No one else has reported a massive surge in employer-sponsored insurance signups, much less a substantial increase in the number of employers offering brand-new health insurance benefits. And I’d be very surprised indeed to find out that this was happening, because the administration keeps delaying the employer mandate for exactly the kind of small companies that are most likely to offer no benefits.
If a lot of young workers suddenly got access to employer health benefits, then the Massachusetts exchange might have ended up extra-heavy with early retirees, displaced workers and the like. Or it might not — it’s hard to say, because I can also spin stories in which young people are still in school, or finding themselves, and they’re less likely to have employer-based insurance than a stable 45-year-old roofer is.
The point is, I don’t think we can confidently assume that most insurers expected their insurance pool to look like Massachusetts’, because most insurance pools don’t look like Massachusetts’: They’re younger, poorer and more likely to have been going without insurance. According to the study I cited above, the percentage of uninsured people ages 19 to 33 dropped to 8 percent from double digits. Young people may not have bought as many exchange policies as their elders did. But they were getting insurance somewhere.
The good news is that pretty soon, we’ll find out what the insurers are thinking; they’ll start filing some of their preliminary rate increases in a couple of weeks. My guess would be that those increases will be modest in places such as New York, which had a lot of signups — and had also nearly destroyed its private insurance market, so that almost any reform would have been an improvement. My guess would be that in other places, where the signups are too old or too few, premiums will jump sharply. I’d also guess that the backdoor bailouts the administration has been arranging through the risk corridors will be enough to keep existing insurers in the market, though maybe not enough to lure many new ones.

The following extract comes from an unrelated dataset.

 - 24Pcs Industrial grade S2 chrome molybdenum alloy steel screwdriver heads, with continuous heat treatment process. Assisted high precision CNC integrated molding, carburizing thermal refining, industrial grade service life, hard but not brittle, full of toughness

But those are just guesses, based on too little data — right now, all we know about their thinking comes from investor conferences and earnings calls, which tend to be a rather artificially cheery format. All I know right now is that whatever the insurers were expecting, I sure wasn’t expecting the demographics to settle down at 28 percent. And I don’t remember hearing numbers that low from any of the law’s boosters, either.